Gün içinde farklı mekanlarda bir kaç kızla daha tanıştım. Sohbet ettim, gezdim. Ancak aklım Sara’da kalmıştı. O denli bir güzellik, kolay kolay akıldan çıkacak gibi değildi. Akşam üstüne doğru yine Duomo meydanı civarına dönmüştüm. Meydanda büyük bir kalabalık vardı. Polis arabaları, itfaiye, bir kaç ambulans, özel tim araçları ve yüzlerce insandan oluşan bir izleyici kalabalığı. Özel tim ve polis meydana çıkan metro girişlerini kapatmışlardı. Olayı izleyen turistlerden birine neler oluyor diye sordum. Meydanın altındaki metro istasyonunda bir rehine eylemi olduğunu söyledi. Benim hiç neler oluyor diye bekleyecek enerjim yoktu ama şaşkın Avrupalı’lar büyük hayretler içerisinde meydana toplanmış bekliyorlardı. Buranın tadı kaçmıştı ve ben yorulmaya başlamıştım. Otelime döneyim bari diye düşünürken kalabalığın arasında Sara’yı gördüm. O kadar dikkat çekiciydi ki fark etmemek imkansızdı. Diğer öğrenci grubu merakla olayları izlerken Sara onlardan 20 metre kadar uzakta kalabalığın biraz dışında yine telefonunu kurcalıyordu. Belli ki olanlar benim gibi onun da ilgisini çekmiyordu. Yanına doğru yaklaştım. “Merhaba, günün nasıl geçti?” diye sordum. Beni görünce bir an şaşırdı sonra mutsuz yüzünde güzel bir gülümseme belirdi. Öğrenci grubunu işaret ederek “Bunlarla nasıl olabilir ki? Gayet sıkıcıydı.” dedi. Evet tam olarak aradığım da buydu. Sıkılmış ve eğlence arıyor olması benim için iyi bir fırsattı. “Gel benimle” dedim hem gülümseyip hem de başımla meydanın diğer tarafını göstererek. “Beni bırakmazlar. Zaten bugün ortadan kaybolup seninle vakit geçirdiğim için hala kızgınlar bana.” dedi. Başlarındaki yaşça büyük kızları gösteriyordu göz ucuyla. Okul gezisinden onlar sorumlu oldukları için kızmışlardı anladığım kadarıyla. Biz tam konuşurken öğrenci grubundan Sara’ya seslendiler. “Sara buraya gel, kaybolma yine” diyorlardı. Sara, “üzgünüm ama gitmem gerekiyor. Daha fazla gerginlik çıksın istemiyorum” dedi mavi okyanuslara benzeyen gözleriyle derin ve mutsuz bakarak. Elindeki telefonu tek hamlede kaptım. Ne yaptığımı anlamadığı için irkildi biraz. Sonra numaramı yazarak kendi kendi telefonumu çaldırdım. “Eğer bir şekilde fırsat bulabilirsen ara beni, çok eğleneceğiz söz veriyorum” dedim, telefonu hızla geri uzatırken. Telefonunu aldı, bu hareketim onu biraz ürkütmüştü belli ki, başını iki yana sallayarak “üzgünüm, olmaz” dedi hızla uzaklaşırken. Sonra gruba bir şeyler söyledi. Tüm grup meydandan yavaşça ayrıldılar.

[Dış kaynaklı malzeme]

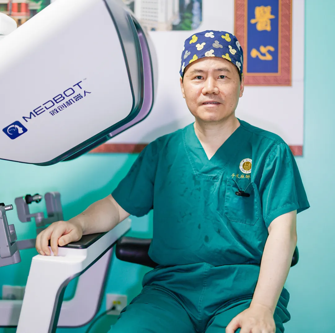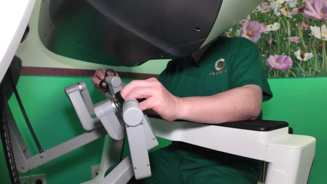 ▲殷曉煜教授為患者實(shí)施遠(yuǎn)程機(jī)器人手術(shù)

Ben de lezzetli İtalyan yemekleri ile orgazma yakın bir haz yaşadıktan sonra otel odama çekildim. Yorucu bir gündü. Üzerimdekileri çıkardım. Küveti sıcak su, banyo tuzları ve köpükle doldurup içine girdim. Telefonum su geçirmez olduğu için rahatlıkla kullanabiliyordum. Son zamanlarda en büyük keyfimdi sıcak küvette dinlenirken telefonda oyun oynamak ya da internette gezinmek. Yorgunluğun ve sıcak suyun etkisiyle gözlerim kapanmaya başlamıştı ki kayıtlı olmayan bir numaran mesaj geldi. Sara’dan olduğunu umarak hemen açtım mesajı. “Sadece 2-3 saatim var? Neredesin? Sara” yazıyordu mesajda. Bir anda bütün uyku halim dağılmıştı. Bayramda onlarca hediye almış bir çocuk edasıyla aptal ve şaşkın sırıtarak yanıt yazdım hemen köpüklü ellerimle. “Otel odamdayım. Duomo meydanına oldukça yakınım. Nerede buluşalım? 15 dakikaya hazır olurum” yazdım. Kısa bir süre sonra yanıt geldi “Odanda! Otelin adı ne?”

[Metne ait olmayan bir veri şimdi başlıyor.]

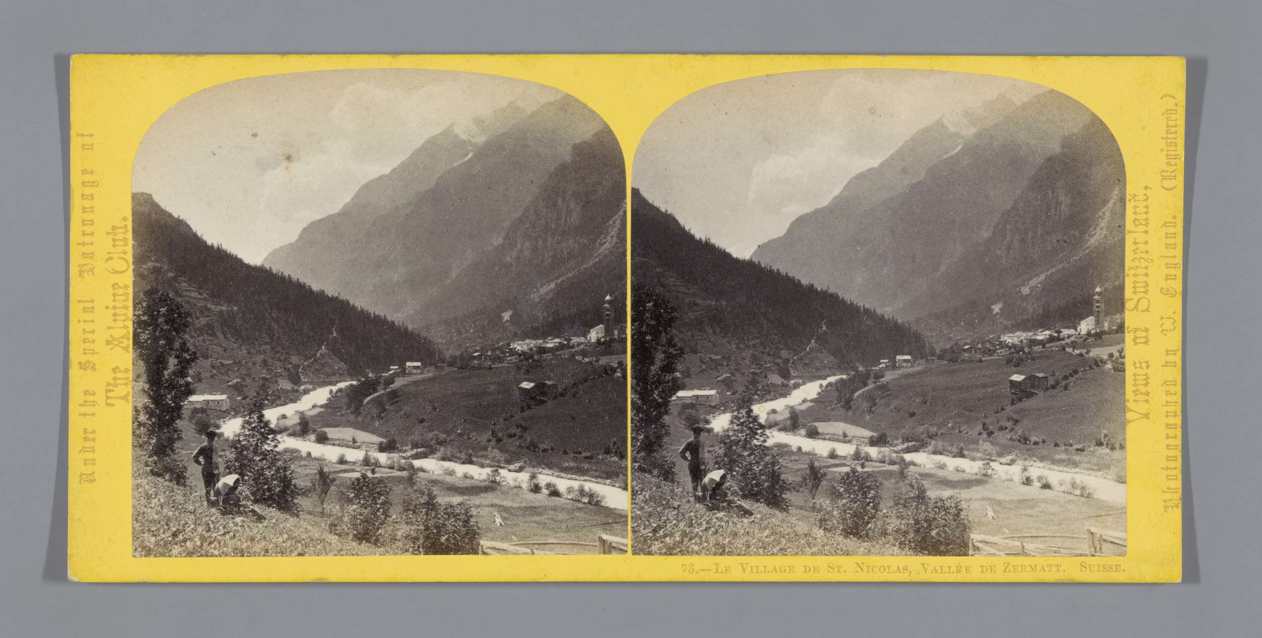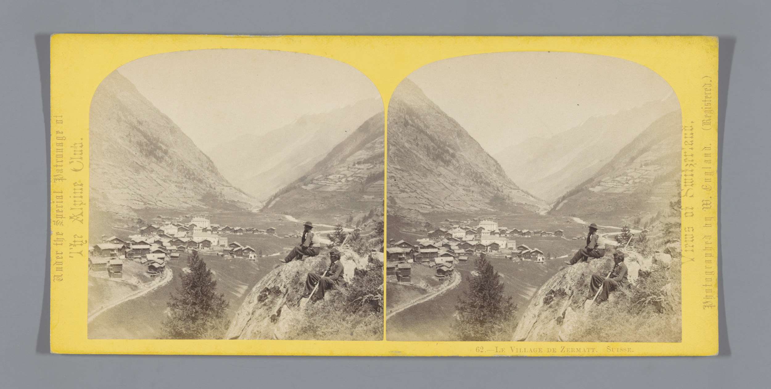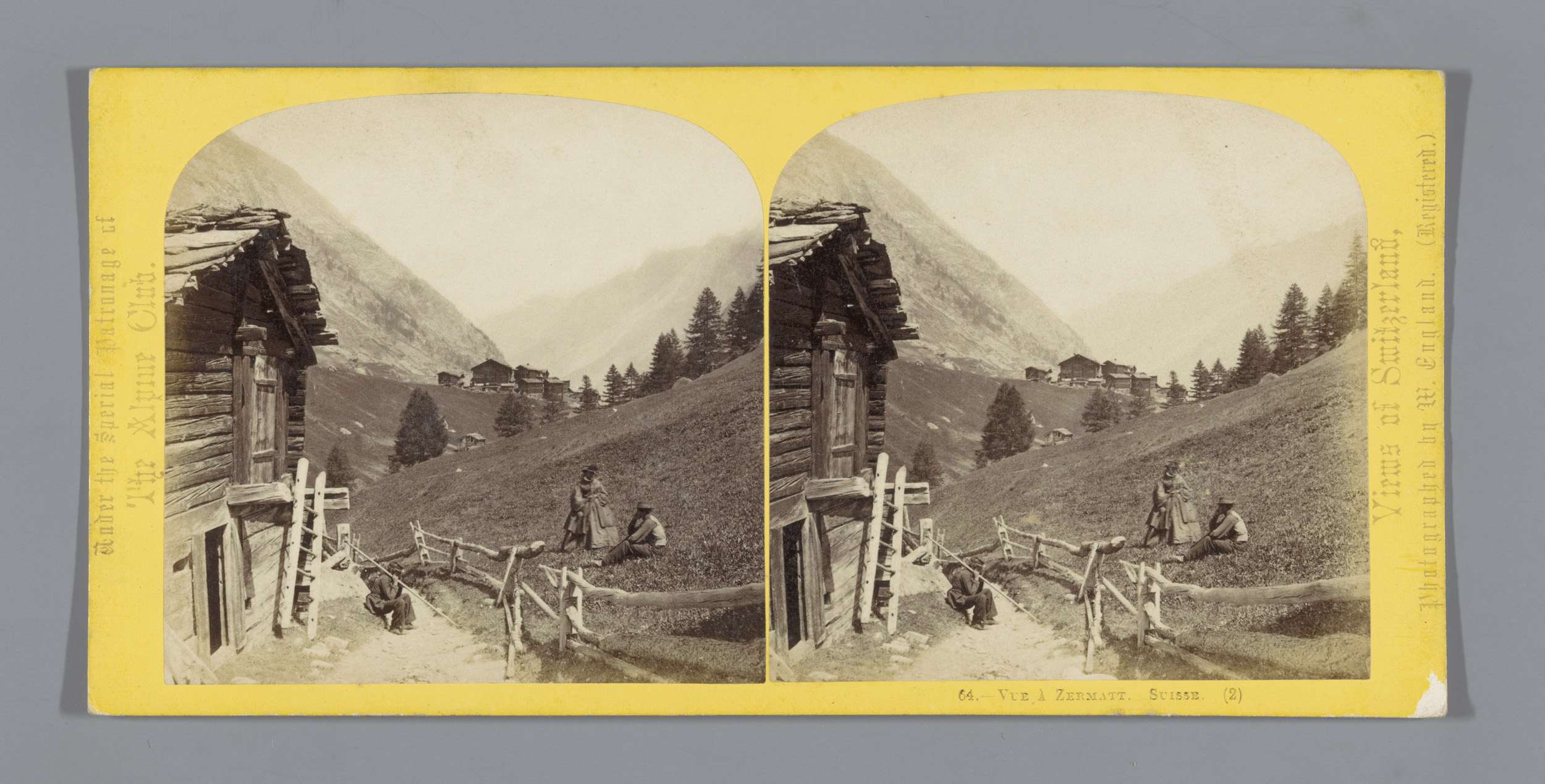 Gezicht op Zermatt, met op de voorgrond een houten g...

Yaklaşık 10 dakika sonra resepsiyondan arayıp misafirim Sara Hanım’ın geldiğini söylediler. Yukarı göndermelerini rica ettim. Küvetten çıkmış, kurulanmış, saçlarımı taramış, parfümümü sıkmıştım. Ancak üstüme belden aşağı sadece bir beyaz havlu sarmıştım. Kapıyı o şekilde açtığımda tüm ihtişamıyla karşımdaydı. Gözlerindeki mavi okyanuslar arzu rüzgarlarıyla dalgalanmış, köpürmüştü sanki. Beni görünce dudağını ısırarak ve usulca bir adım atarak bana yaklaştı. Daha kapıyı bile kapatmadan elimi başının arkasından boynuna diğer elimi beline koyarak pembe, dolgun dudaklarını öptüm, öptüm, öptüm. Onu duvara dayamıştım, bir bacağını kaldırıp elimle desteklemiştim. Ben bacak arasına doğru girmiş, çıplak vücudumu onun ince t-shirtlü vücuduna yapıştırmış zevkle, arzuyla öpüyordum o dudakları. Dudakların tadı olur mu? Evet bazı kadınlarda olur. Sara’nın da dudakları şeker gibiydi. Ya da benim beynim öyle algılamak istiyordu. Elimle uzun şekilli güzel bacaklarını, kalçasını, belinin ve göbeğinin açılan yerlerini okşuyordum. Orada kapı açık olarak ne kadar kaldık bilmiyorum. Sonra onu öpüp okşamayı hiç bırakmadan yatağa doğru yöneldik. Ayağımla kapıyı ittirip hızla kapanmasını sağlamıştım. Üstündeki her şeyi yırtıp parçalamak için hayvansı bir arzu duyuyordum ama zor durumda kalacağını bildiğim için yapamadım. Üstündekileri elimden geldiğince yırtmadan çıkarmaya çalıştım. Zaten 4 parça olan kıyafetleri kısa sürede odanın her bir kenarına fırlatılmış benim havlum ise çoktan yeri boylamış ayaklarımın altında kalmıştı.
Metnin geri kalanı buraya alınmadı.